On June 23, 2016, in United States v. Texas, the Supreme Court upheld an injunction on two Administrative executive action programs on immigration.
The Court ruled that “…The judgment is affirmed by an equally divided Court..” With these 9 words, the Court split 4 to 4, and without a 9th and deciding Justice, permitted an injunction against implementing these programs imposed by a Texas District Court and upheld by the Fifth Circuit to stand.

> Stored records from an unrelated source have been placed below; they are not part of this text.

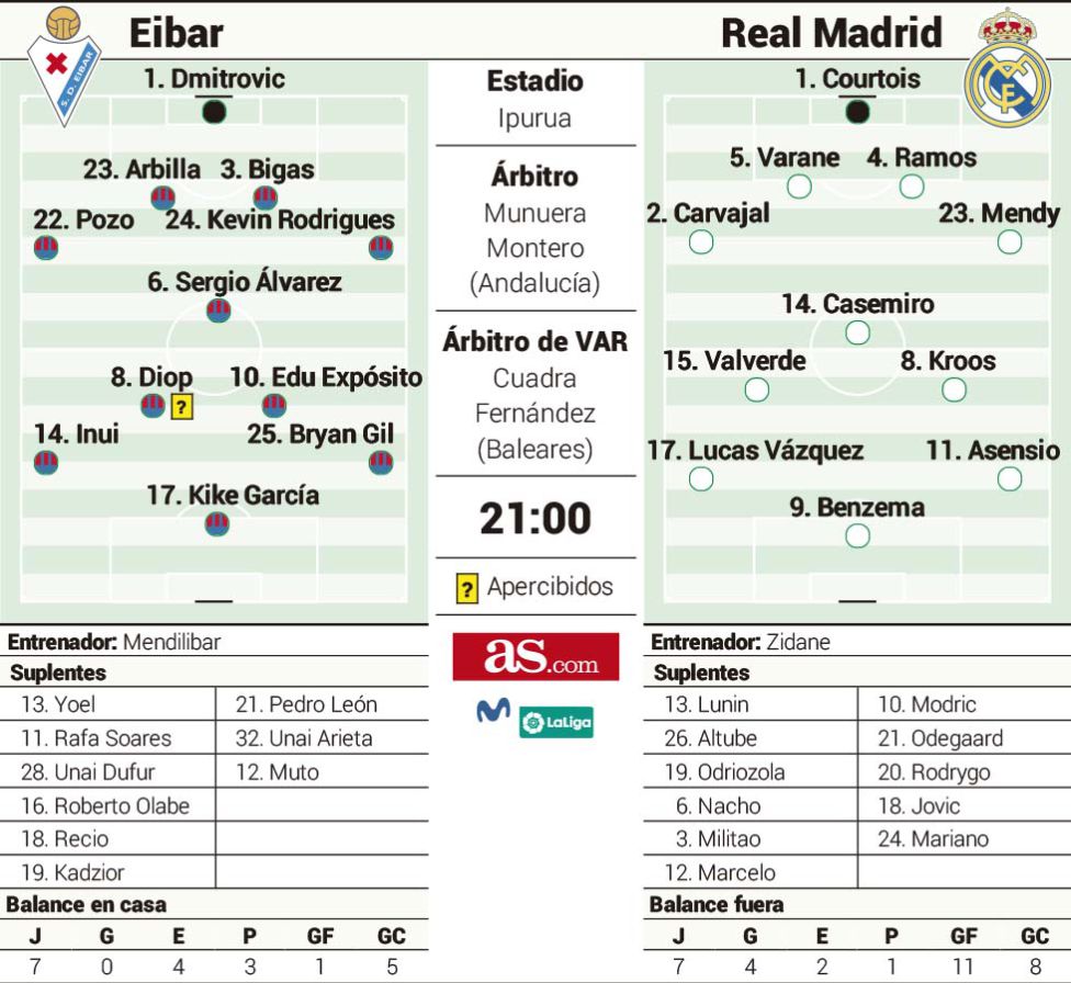"Pre Match Thread: Eibar vs Real Madrid - La Liga Matchday [--] ### Eibar(/r/sdeibar) vs Real Madrid(/r/realmadrid) ___ (#icon-clock) Match Time: 21:00 CET (#icon-net-big) Venue: Ipurua Futbol Zelaia(https://upload.wikimedia.org/wikipedia/commons/e/ec/Eibar1-0Lega20183.jpg) (#icon-whistle) Referee: Jos Munuera Montero (#icon-flag) Assistant Referee 1: Iigo Prieto Lpez (#icon-flag) Assistant Referee 2: Alfonso Baena Espejo ___ #Possible Line-ups from AS(https://as.com/futbol/imagenes/2020/12/19/primera/1608402153_266693_1608435556_sumario_grande.jpg) and"
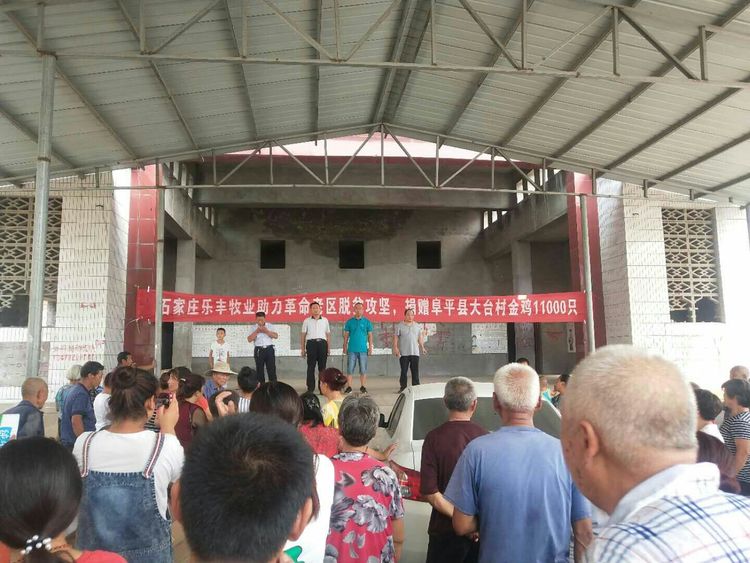 河北省发改委能源局工作组驻村第一书记兼组长蔺巨辰发表了热情洋益的讲话,十分感谢乐丰牧业赠送的11000只优质雏鸡,感谢乐丰人的慷慨解囊,给当地贫困产带来希望!随后河北省畜牧良种工作站工作组成员康振江同志,大台村村支书卢金朝及村主任吕爱花参与了此次免费有序赠送活动。
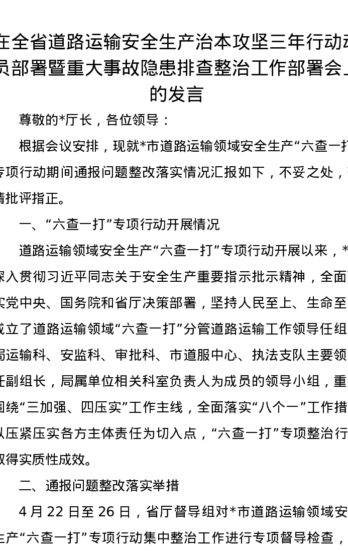 在全省道路运输安全生产治本攻坚三年行动动员部署暨重大事故隐患排查整治工作部署会上的发言
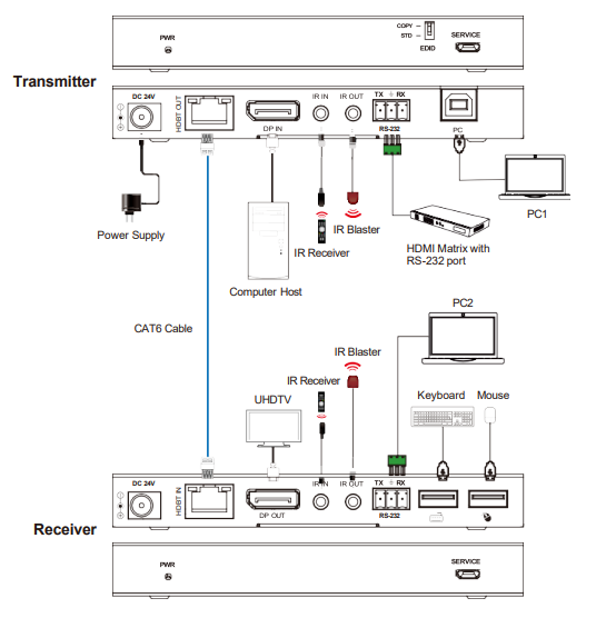 ประเภทผลิตภัณฑ์ | HDBaseT DisplayPort Extender with KVM (TX + RX) |
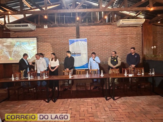 A mesa de honra contou com a presença de diversas autoridades, incluindo o vice-presidente Gileade Osti (prefeito de Guaíra), a vice-prefeita de Santa Helena, Fabrícia Bedendo, o Coronel Valmir de Souza, e o secretário Paulo Adriano Grenzel, além de prefeitos e presidentes de associações comerciais dos municípios associados, que reforçaram a importância da união de esforços em prol da região lindeira.
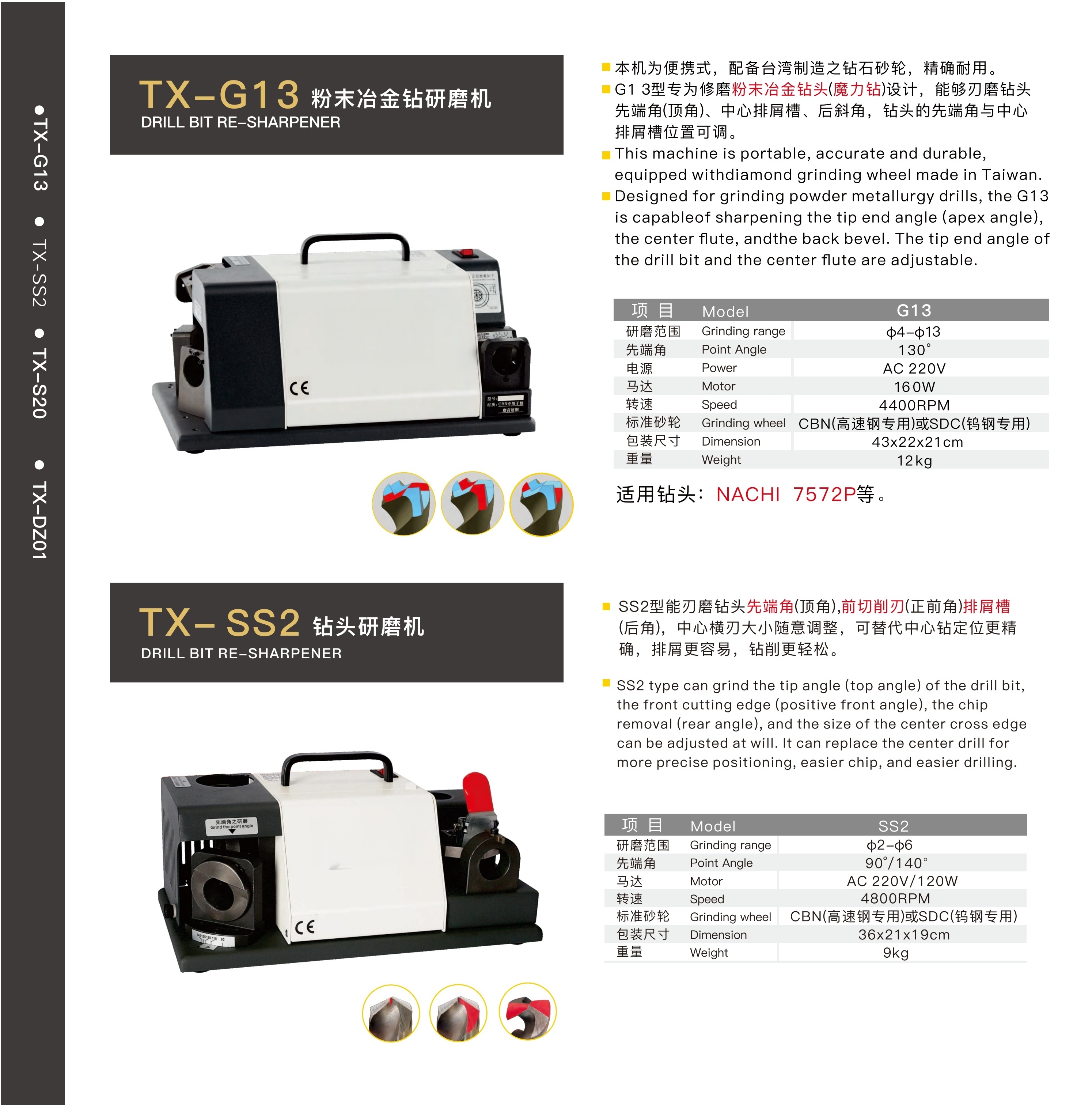 G13 /SS2 DRILL BIT RE-SHARPENER( FOR GRINDING POWDER METALLURGY DRILLS )
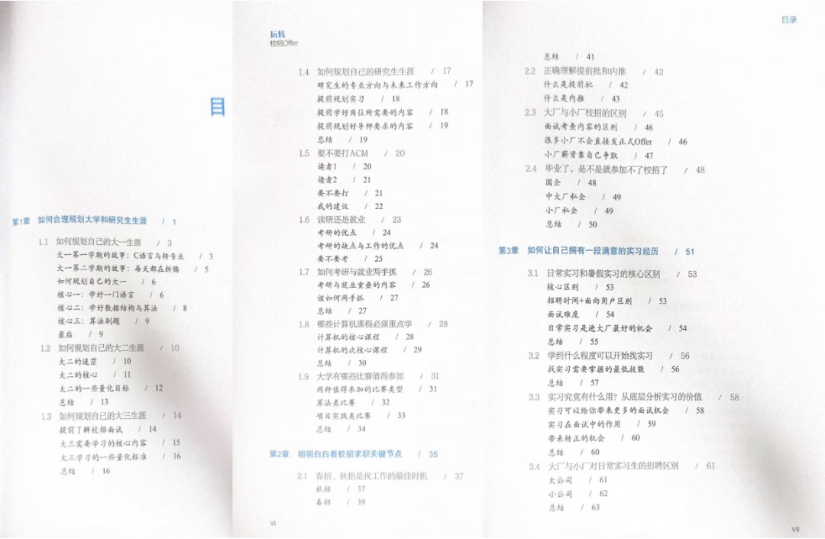 这本书从最开始的大学规划=》各种大学课程/比赛=〉实习=》校招=〉简历书写与投递=》HR面/技术面=〉如何回答问题=》学习路线以及银行科技岗等,都给出了一个相对靠谱的指导。
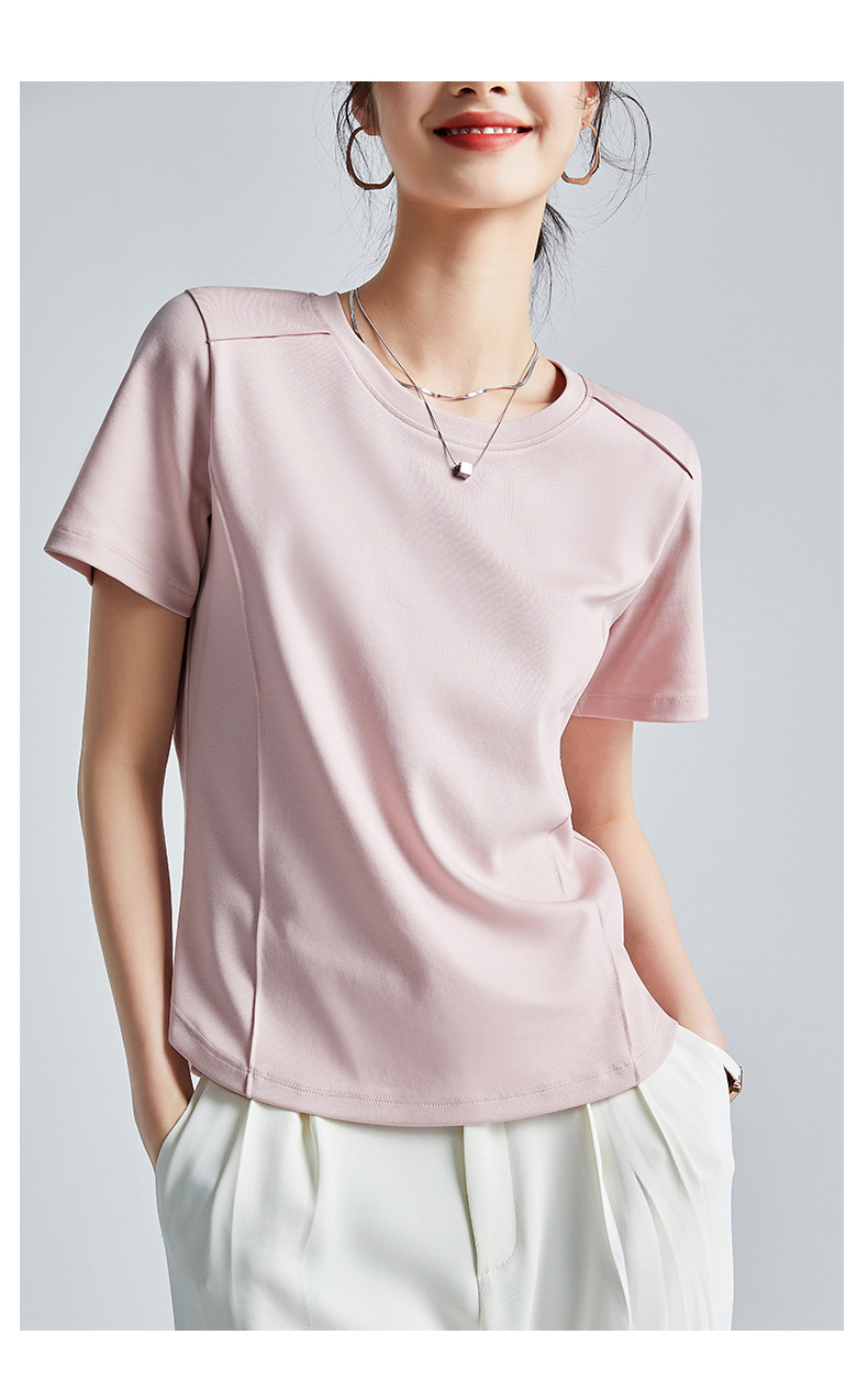 쇼핑몰 같은 스타일 액체 암모니아 화이트 반팔 어깨 티셔츠 여성용 25 여름 머서라이즈면 크루 넥베이스 셔츠 반소매

As background, in November, 2014, and arising out frustration with Congressional inaction on comprehensive immigration legislation, President Obama and his Administration created two executive actions programs: Deferred Action for Parents of Americans and Permanent Residents (“DAPA”) and an expanded program for Deferred Action for Childhood Arrivals (“DACA”), an earlier executive action program to benefit certain children who accompanied their parents into the United States at an early age. The programs if implemented would shield certain parents of U.S. citizens and permanent residents from removal, and certain young people from removal based on enforcement priorities, and would expand who could qualify for DACA. Texas and 25 other states sued the federal government alleging overreach of the powers of the executive branch in taking these steps.
There has been no trial on the merits, only appeals on the propriety of the injunction decision itself up to the Supreme Court. The case now goes back to the District Court to be tried. Procedurally, the Administration could request a rehearing before the full Court. Whether it does so remains to be seen.